• _Provided data_
*-*-*

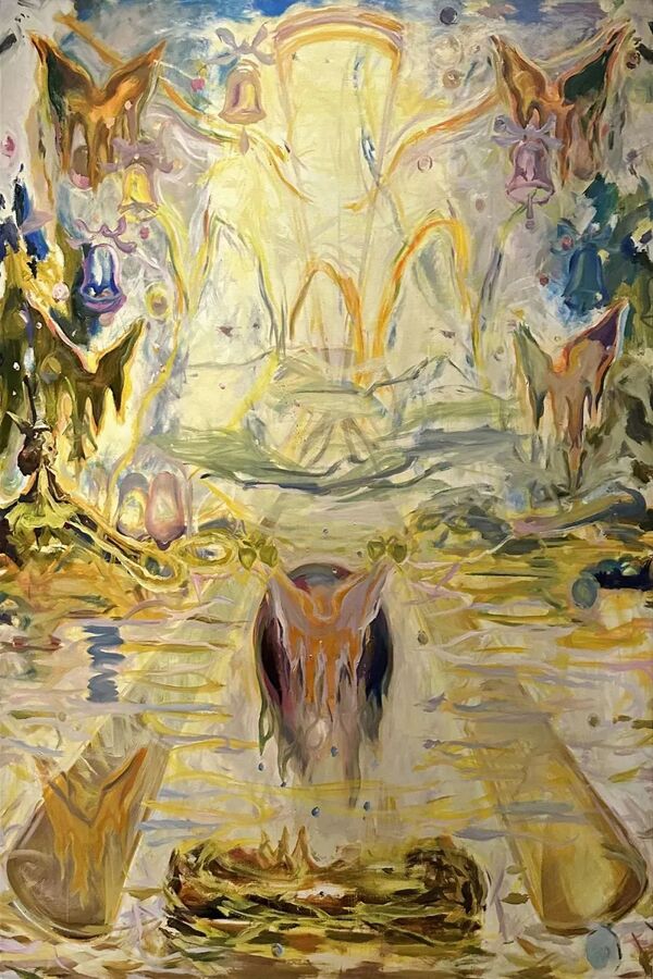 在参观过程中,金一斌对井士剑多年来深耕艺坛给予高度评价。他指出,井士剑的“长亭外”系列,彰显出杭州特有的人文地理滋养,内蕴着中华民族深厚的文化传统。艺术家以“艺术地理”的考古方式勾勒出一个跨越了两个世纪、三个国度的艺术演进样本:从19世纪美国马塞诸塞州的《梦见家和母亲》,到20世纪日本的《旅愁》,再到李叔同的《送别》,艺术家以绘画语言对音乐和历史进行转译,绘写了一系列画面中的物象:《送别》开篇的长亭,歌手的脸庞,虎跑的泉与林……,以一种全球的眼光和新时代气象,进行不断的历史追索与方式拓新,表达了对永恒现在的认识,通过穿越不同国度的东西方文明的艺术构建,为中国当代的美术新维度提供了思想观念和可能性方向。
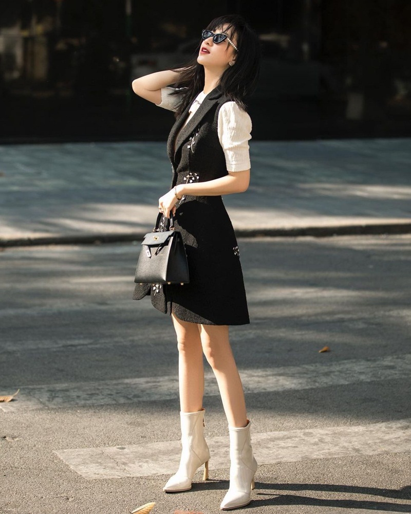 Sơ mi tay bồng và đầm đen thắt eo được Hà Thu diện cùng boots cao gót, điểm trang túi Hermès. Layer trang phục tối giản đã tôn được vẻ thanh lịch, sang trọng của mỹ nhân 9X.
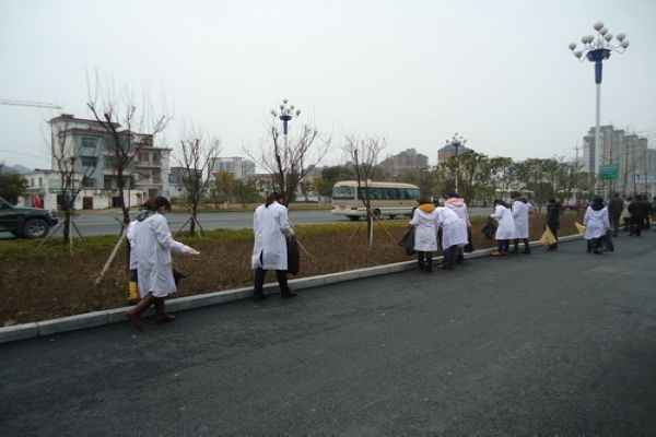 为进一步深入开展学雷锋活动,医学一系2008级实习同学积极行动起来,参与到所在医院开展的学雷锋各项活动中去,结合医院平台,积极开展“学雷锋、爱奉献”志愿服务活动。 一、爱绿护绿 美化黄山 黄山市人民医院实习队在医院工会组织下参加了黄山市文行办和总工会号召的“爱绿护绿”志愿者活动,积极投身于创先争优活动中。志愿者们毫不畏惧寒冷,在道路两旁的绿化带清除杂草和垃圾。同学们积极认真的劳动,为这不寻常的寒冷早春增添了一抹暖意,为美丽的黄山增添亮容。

*-*-*

• _Exercise directions_
Give the listing again exactly, minus its images.

• _Result below_
 在参观过程中,金一斌对井士剑多年来深耕艺坛给予高度评价。他指出,井士剑的“长亭外”系列,彰显出杭州特有的人文地理滋养,内蕴着中华民族深厚的文化传统。艺术家以“艺术地理”的考古方式勾勒出一个跨越了两个世纪、三个国度的艺术演进样本:从19世纪美国马塞诸塞州的《梦见家和母亲》,到20世纪日本的《旅愁》,再到李叔同的《送别》,艺术家以绘画语言对音乐和历史进行转译,绘写了一系列画面中的物象:《送别》开篇的长亭,歌手的脸庞,虎跑的泉与林……,以一种全球的眼光和新时代气象,进行不断的历史追索与方式拓新,表达了对永恒现在的认识,通过穿越不同国度的东西方文明的艺术构建,为中国当代的美术新维度提供了思想观念和可能性方向。
 Sơ mi tay bồng và đầm đen thắt eo được Hà Thu diện cùng boots cao gót, điểm trang túi Hermès. Layer trang phục tối giản đã tôn được vẻ thanh lịch, sang trọng của mỹ nhân 9X.
 为进一步深入开展学雷锋活动,医学一系2008级实习同学积极行动起来,参与到所在医院开展的学雷锋各项活动中去,结合医院平台,积极开展“学雷锋、爱奉献”志愿服务活动。 一、爱绿护绿 美化黄山 黄山市人民医院实习队在医院工会组织下参加了黄山市文行办和总工会号召的“爱绿护绿”志愿者活动,积极投身于创先争优活动中。志愿者们毫不畏惧寒冷,在道路两旁的绿化带清除杂草和垃圾。同学们积极认真的劳动,为这不寻常的寒冷早春增添了一抹暖意,为美丽的黄山增添亮容。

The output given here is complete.